October 21, 2025•13 min read•Playbooks AI Team•design-principles

In Jan 2023, Andrej Karpathy tweeted:

"The hottest new programming language is English."

The sentiment resonated across the AI community, but despite so much progress on the core technology, Natural Language Programming wasn't solved - till Playbooks came along. Why?

The Playbooks story begins earlier - in June 2022, before the tweet, before ChatGPT changed everything. We were experimenting with GPT3 text-davinci-002 and text-davinci-003 a bit later on how to build customer support AI agents that needed prescribed behavior and human-like flexibility.

The predominant approaches at that time were -

writing imperative programs that define a rigid step by step conversational flow
visual workflow builders like Google's DialogFlow CX
"story"-based systems like Rasa

But try specifying nuanced agent behaviors - handling corner cases, adjusting behavior based on preconditions, locale-specific variations, graceful degradation, intent switching and return, side quests. It was impossible to do with any of these approaches.

The available approaches fundmentally constrained or sidestepped the capabilities of the LLM

So, over the 2022 Winter break, Amol started experimenting with natural language programming. The Jan 2023 tweet by Andrej was a validation that this is a problem worth solving. Now, after 2.5yrs, the initial idea of using Markdown as a programming language has evolved into what Playbooks is today: a complete Software 3.0 stack where natural language is not just a interface, but a first-class executable programming language.

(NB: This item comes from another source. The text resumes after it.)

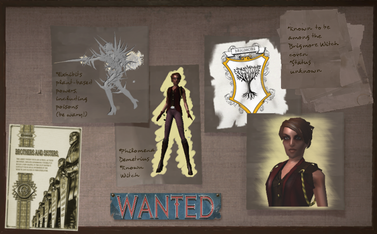 Daughter of a merchant, once pledged to wed ... some old dude, she never even met him. Instead the moment that betrothal was announced, she vanished from her parents summer cottege in Baleton. Stealing aboard a whaling vessel headed to Dunwall, and loaded up on her family's stock of deadly hemlock just in case, she met up with a group of witches... their leader, Delilah, marked by the Outsider and granting them amazing powers. Philomena practiced with these witches for three summers before realizing that they were a bit... blood thirsty. But she couldn't break free from them without being killed by the Abbey. So... after waiting, she ran again, when Delilah vanished and Emily Kaldwin was put on the throne. Somehow she's found her way through the Void, to this odd place, more modern and amazing than she could have dreamed. Even in the Void. Her magic flows even in Paragon City, and she will use it wisely. When she returns to The World, though she does not have the Mark of the Outsider, her abilities with darkness and plants, as well as fire and protective warding are all remarkably strong. |
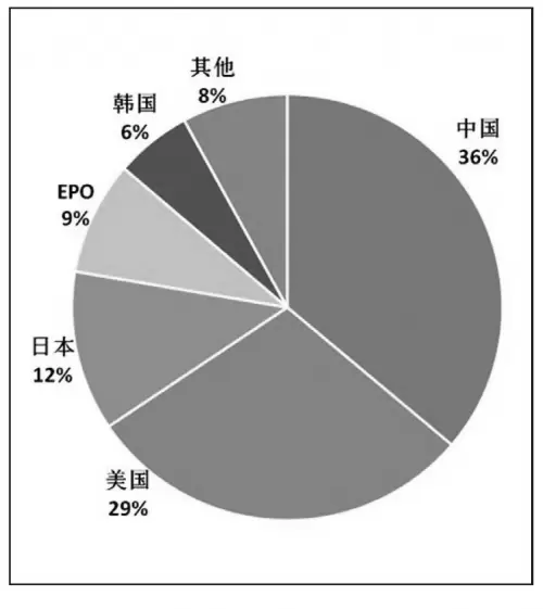 从当前专利申请量地域分布看,中、美、日三国专利申请量占到全球申请量四分之三以上,其中,中国以3687件申请占全球总申请量的36%,美国以2995件申请占全球总申请量的29%,日本以1238件申请占全球总申请量的12%(图2)。在中国进行专利布局的企业中,中国企业申请量为2035件占比76%,日本企业申请量为382件占比14%,美国企业申请量为108件占比4%。可见,经过近年发展,中国在投影显示用光源技术的研究和应用越来越多,日本企业在中国的专利布局数量要多于美国企业。

The question isn't whether LLMs can understand natural language - they obviously can (let's keep aside the philosophical question of what "understanding" means, especially for AI systems). The puzzle is why, given their remarkable linguistic capabilities, it took so long for us or anyone else to build a true natural language programming system.

It is a Hard Problem

Building Playbooks has required solving what amounts to an N-dimensional complex optimization problem, where every dimension influences every other. Getting each dimension 80% right still leaves you with an unusable system. You need simultaneous breakthroughs across multiple fronts.

The Runtime vs. LLM Balance

The first dimension: what should we task the LLM to handle and what the outer loop "runtime" around the LLM should handle? This seems like a simple engineering decision, but it's anything but. Too much reliance on the LLM, and you get unreliable execution. Too little, and you lose the fluid expressiveness that makes natural language powerful.

Take something as fundamental as execution stack management when one playbook calls another. Initially, we experimented with having LLMs manage this - after all, they can reason about control flow. But after multiple iterations, it became clear: the runtime should own deterministic concerns. The LLM is your CPU for soft logic - the semantic, adaptive parts. We want the runtime handles the hard guarantees.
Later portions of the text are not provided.